Source data –

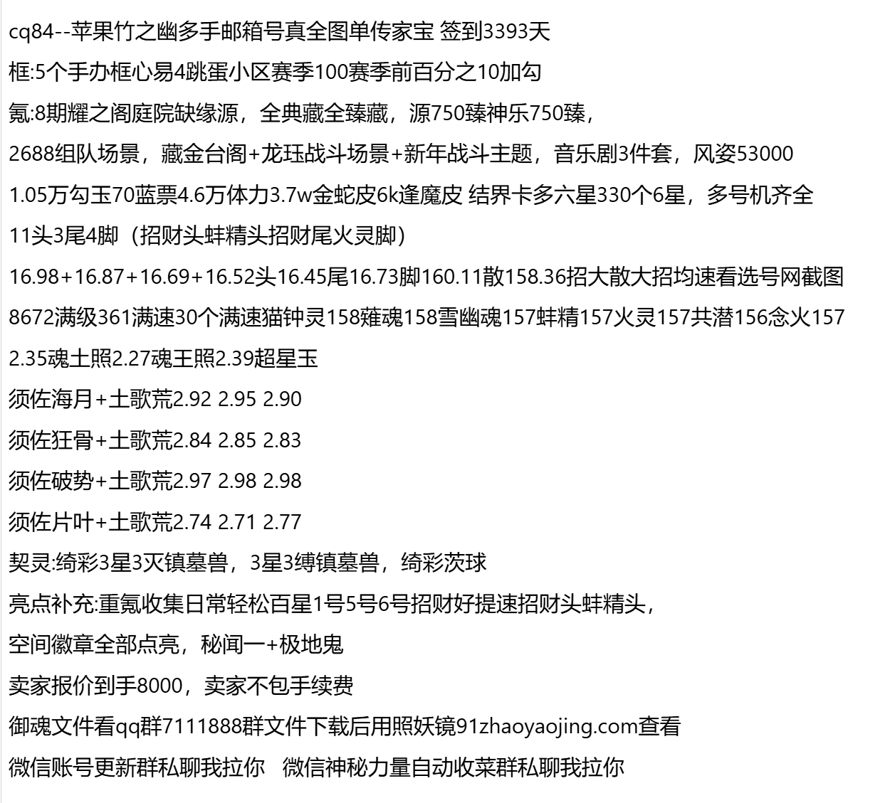 cq84--苹果竹之幽多手邮箱号真全图单传家宝 签到3393天
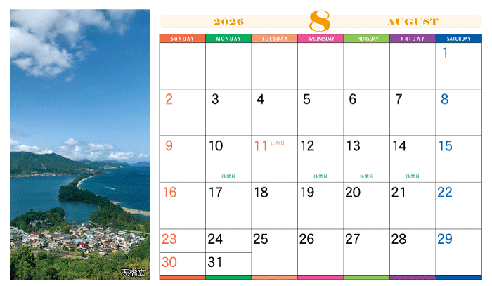 - ・8/11~8/16までお盆期間につき休業日とさせていただきます。
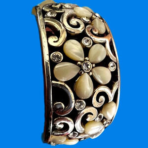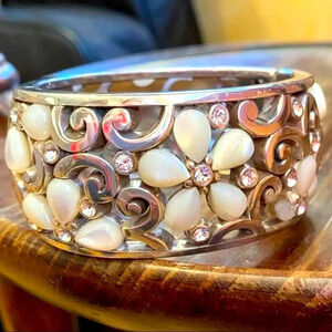 Brighton White Jasmine Flower Magnetic Close large cuff Bracelet.
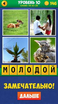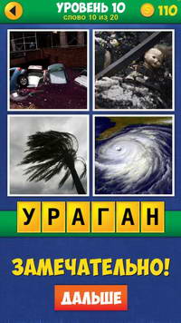 Эта головоломка очень увлекательна, справившись с прохождением одной 4 фото 1 слово, вам обязательно захочется поиграть в подобную игру еще. В данной статье мы дадим вам ответы на уровень №10 для игры 4 фото 1 слово Еще Слова (многим она известна как 4 фото 1 слово Экстра). В этом уровне вам предлагают угадать 20 слов. Если прохождение 4 фото 1 слово вызвало у вас трудности, вы можете заглянуть в приготовленную нами шпаргалку.
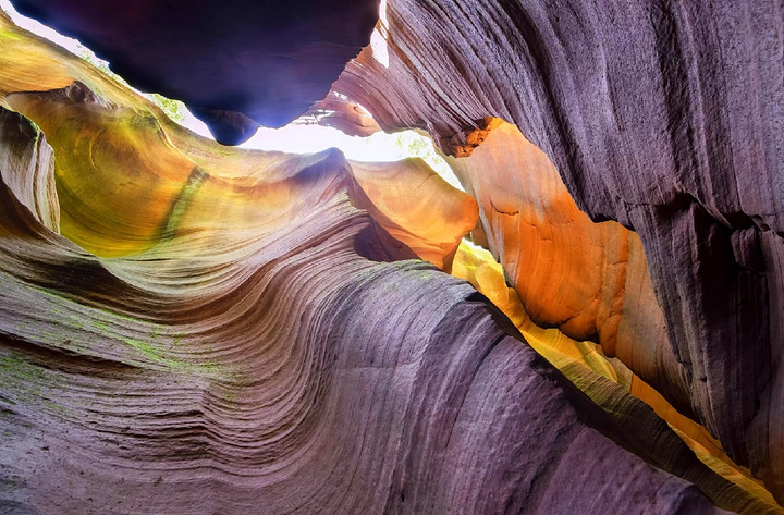 走进峡谷,仿佛进入另一个时空。阳光是最好的魔术师。在正午前后,当阳光能够直射入狭窄的谷底时,整个峡谷便迎来了它一天中最辉煌的时刻。光线穿过缝隙,在长满青苔的岩壁上跳跃、反射,幻化出金黄、赭红、暗绿、绛紫等变幻莫测的色彩。岩壁经过水流冲刷留下的波纹曲线,在光影的强化下,犹如流动的乐章,又似巨大的天然抽象画。这一刻,坚硬岩石的冰冷感全然消失,取而代之的是一种温暖、柔美而充满生命力的视觉体验。游客穿行其中,身影也成了这光影画卷的一部分。
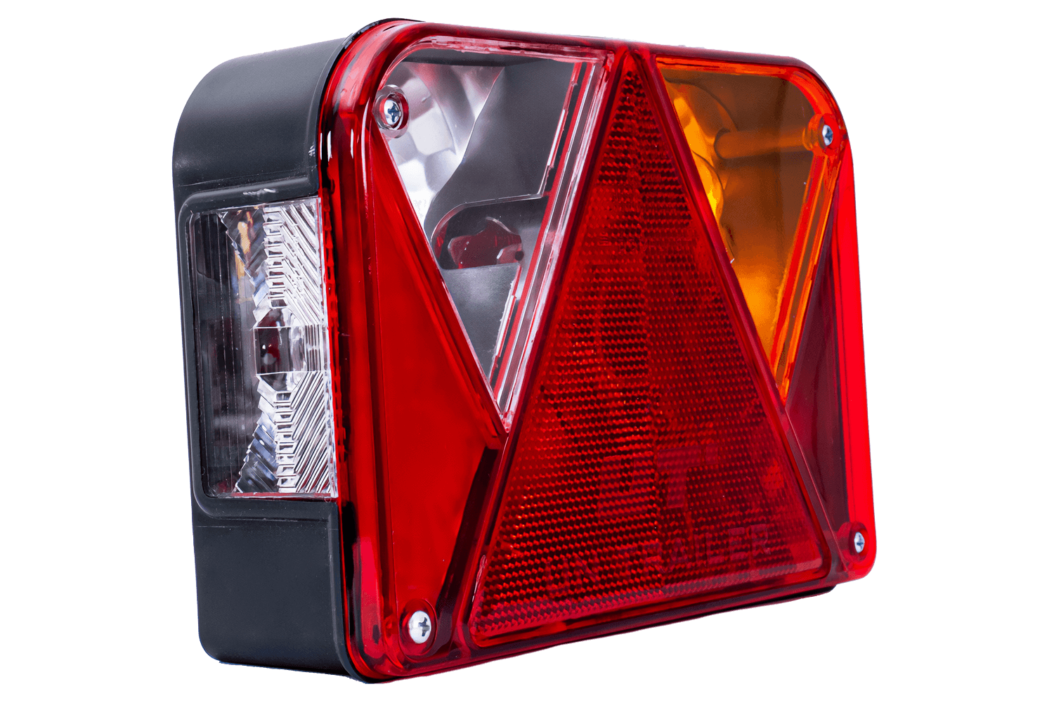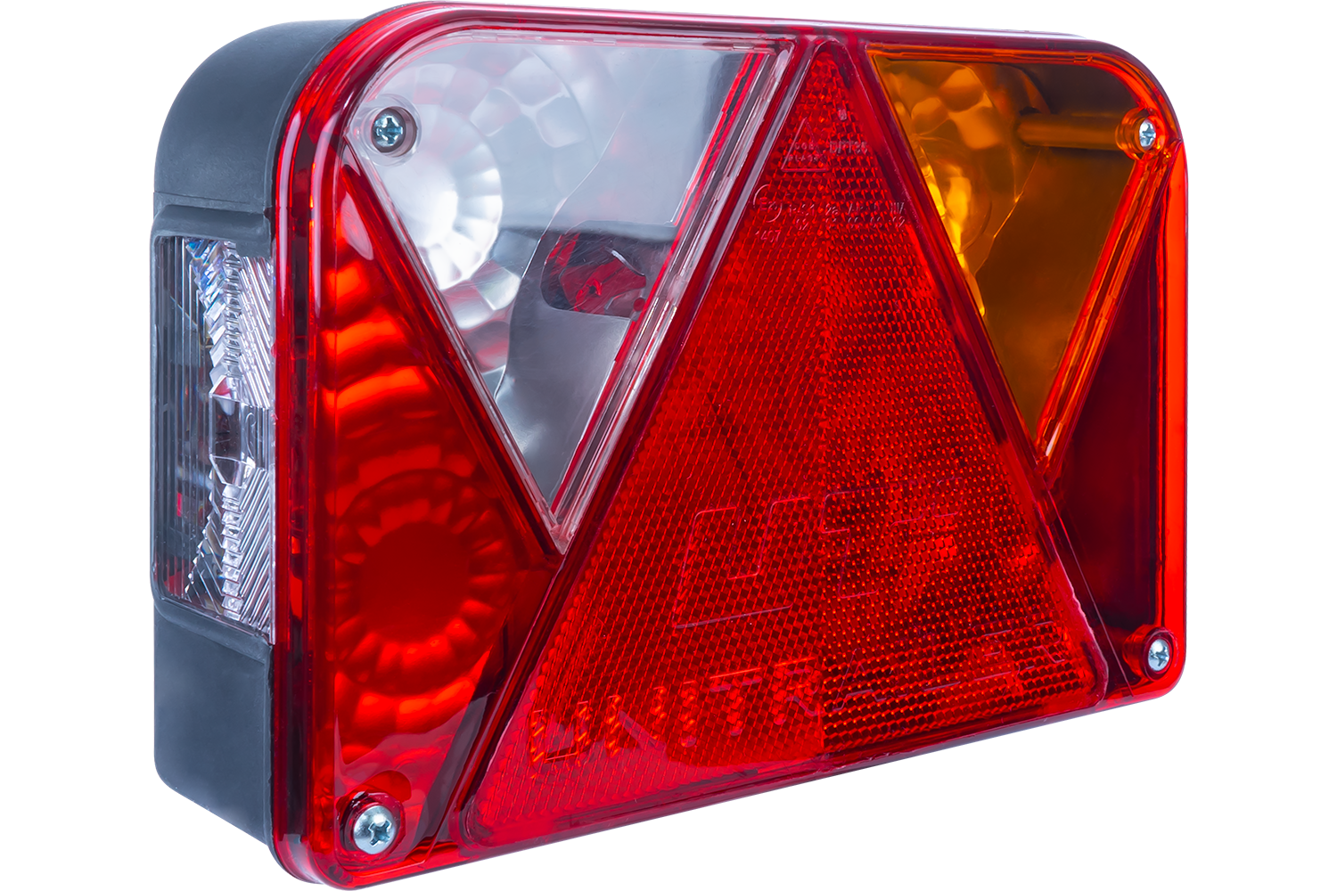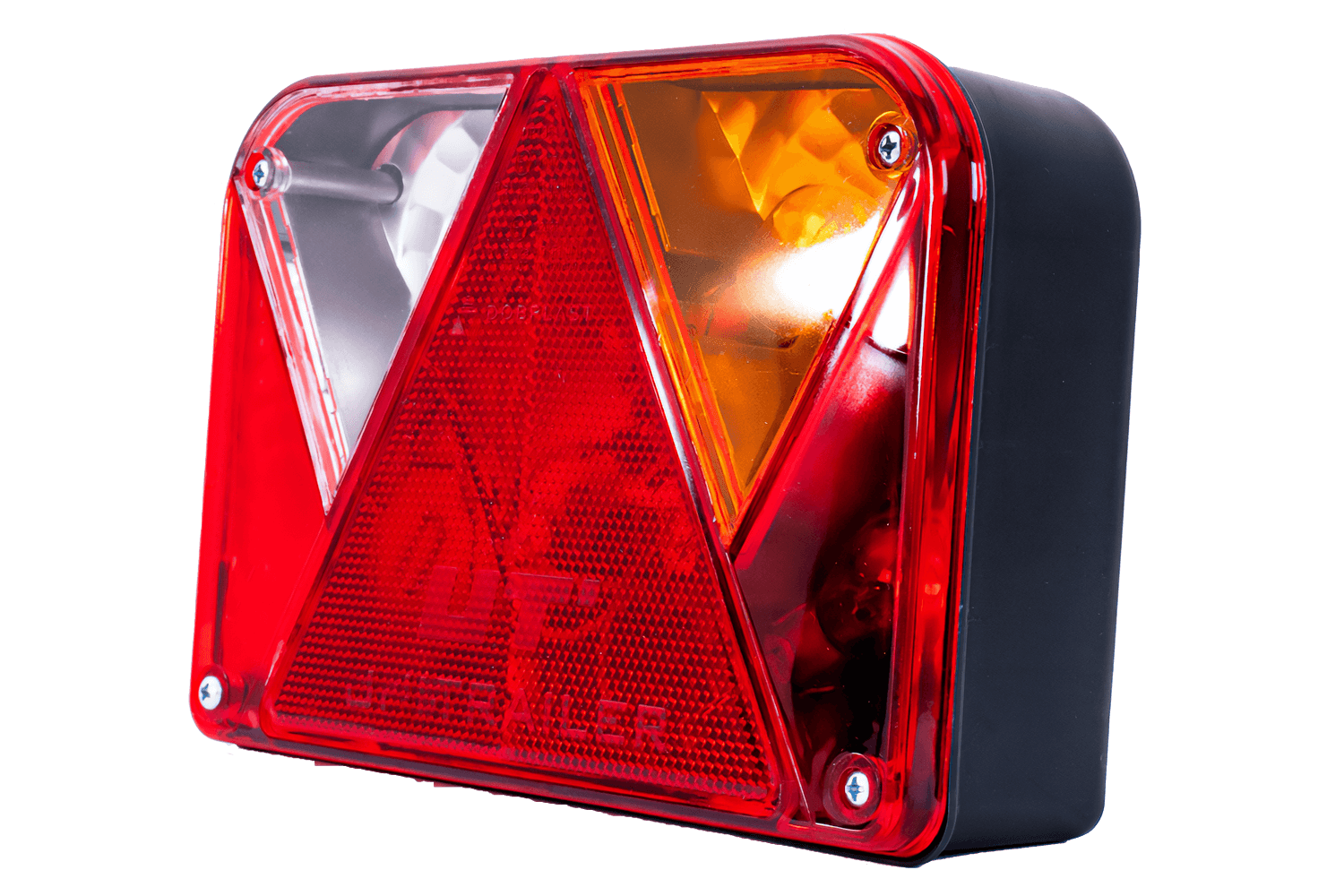 féklámpaA lámpának öt funkciója van: helyzetjelző lámpa , amely biztosítja a jármű láthatóságát éjszakai vezetés közben; irányjelző , amely lehetővé teszi a kanyarodási szándék jelzését ; egy féklámpa , amely a fékezést jelzi ; egy rendszámtábla-világítás , amely biztosítja a jármű rendszámának láthatóságát éjszaka ; és egy fényvisszaverő háromszög , amely növeli a jármű láthatóságát .
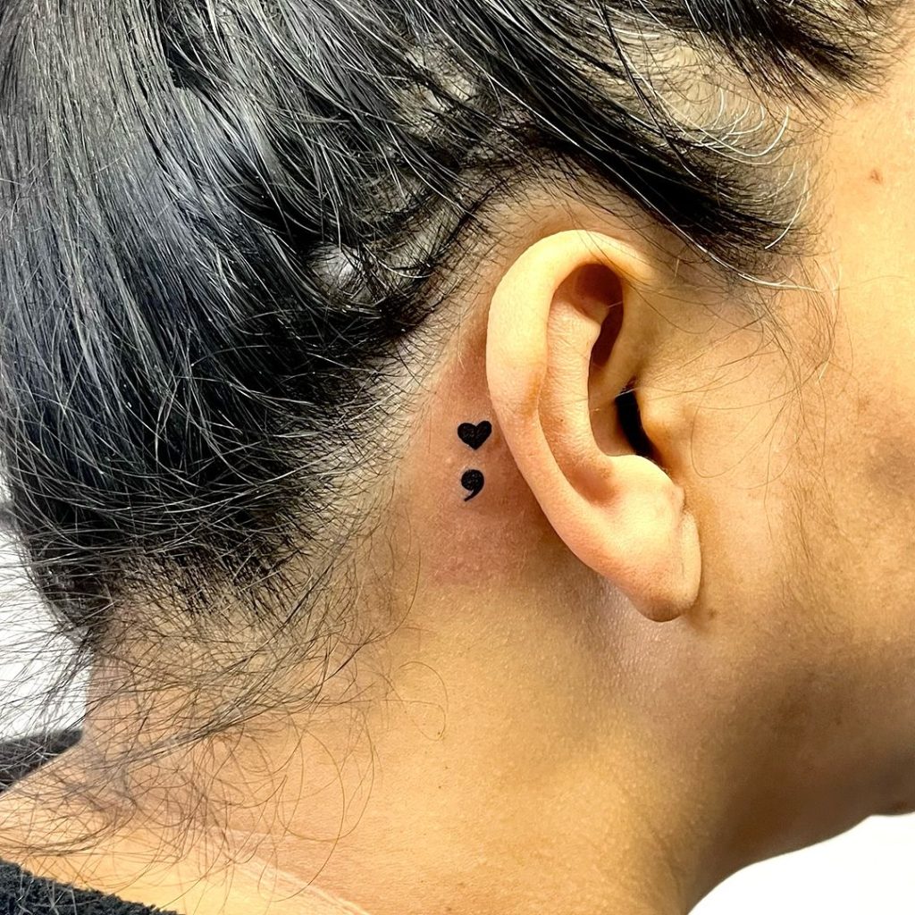 This simple yet meaningful tattoo combines a solid black heart with a semicolon, placed subtly behind the ear. The design is clean and minimal, symbolizing love, resilience, and continuation. It s a small but powerful reminder of strength and self-love.
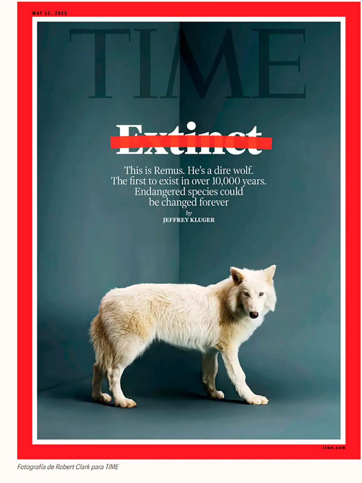 La “desextinción” del lobo terrible en la portada de revista Time ( fotografía de Robert Clark para TIME)
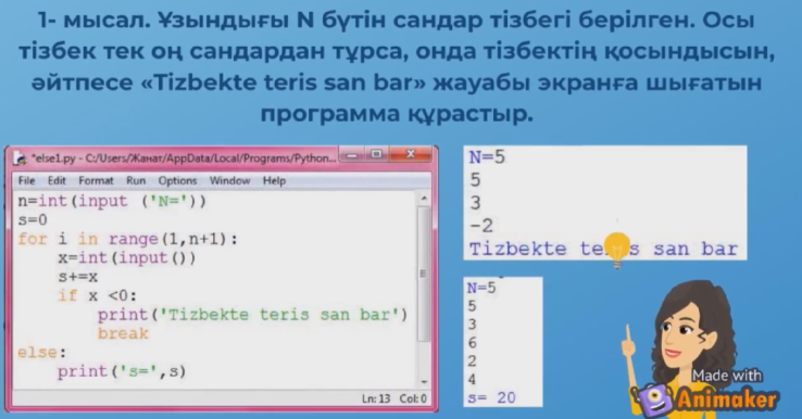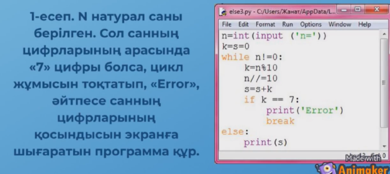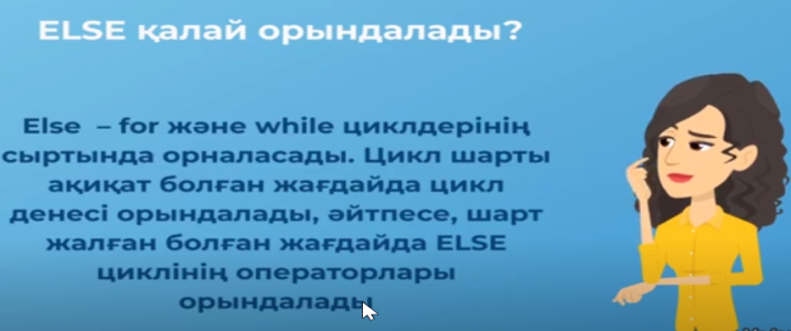 Python тілінде еlse циклін программалай біледі, практикада қолданады. |
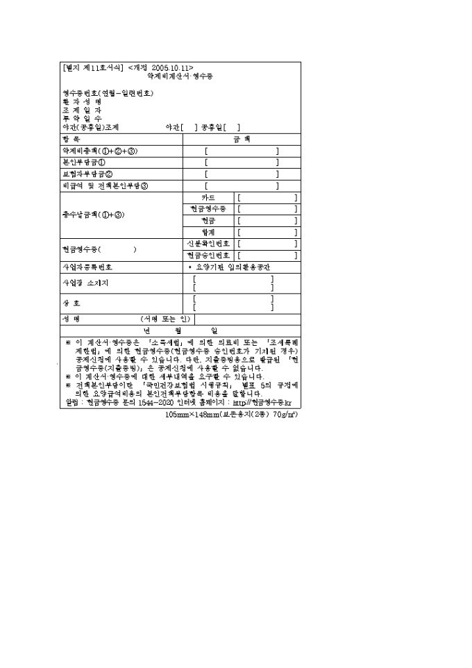 9,000원/월[2008년 연말정산]의료비 영수증(국민건강보험요양급여의 기준에 관한 규칙)(별지 제11호 서식) 입니다.
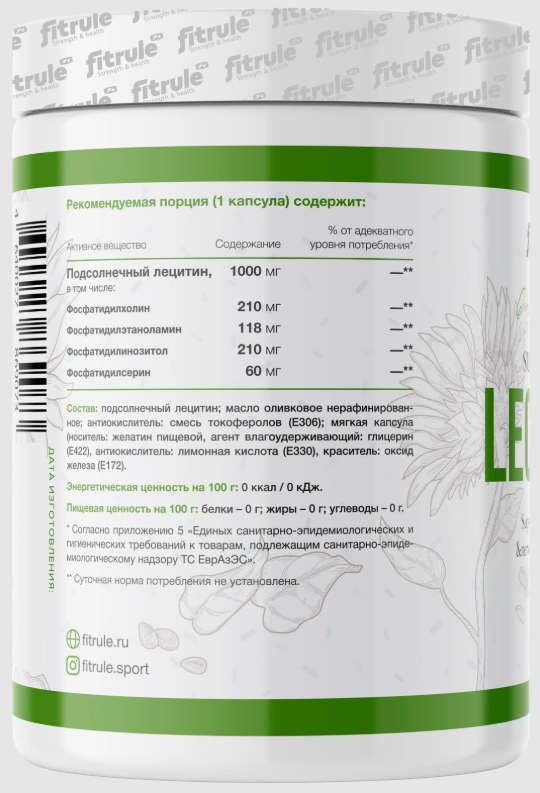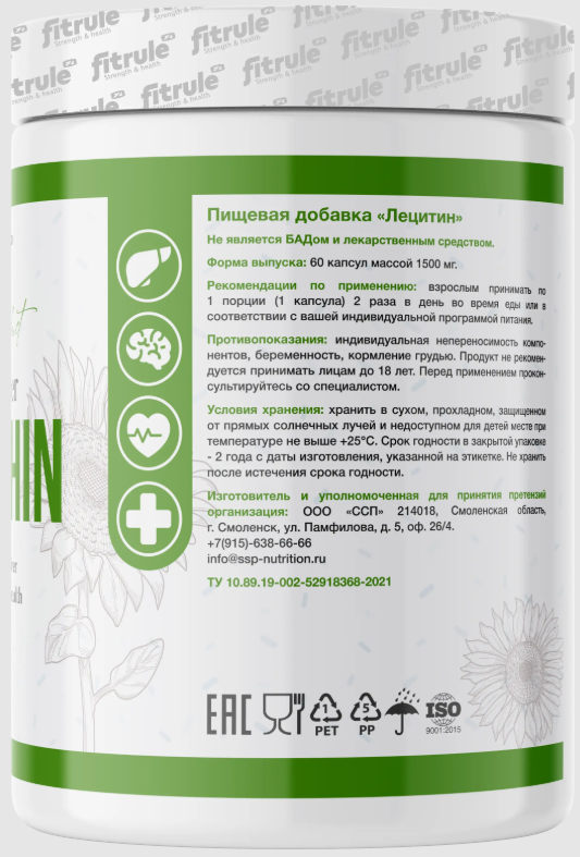 Fitrule Lecithin – это лецитин, полученный из подсолнечника. Лецитин является одним из основным фосфолипидов, который необходим организму для выполнения ряд функций.

Work to be completed –
Copy exactly, please, every line from the one holding "Python тілінде еlse" through the last line of the data, both ends included, and no pictures.

Solved problem –
 Python тілінде еlse циклін программалай біледі, практикада қолданады. |
 9,000원/월[2008년 연말정산]의료비 영수증(국민건강보험요양급여의 기준에 관한 규칙)(별지 제11호 서식) 입니다.
 Fitrule Lecithin – это лецитин, полученный из подсолнечника. Лецитин является одним из основным фосфолипидов, который необходим организму для выполнения ряд функций.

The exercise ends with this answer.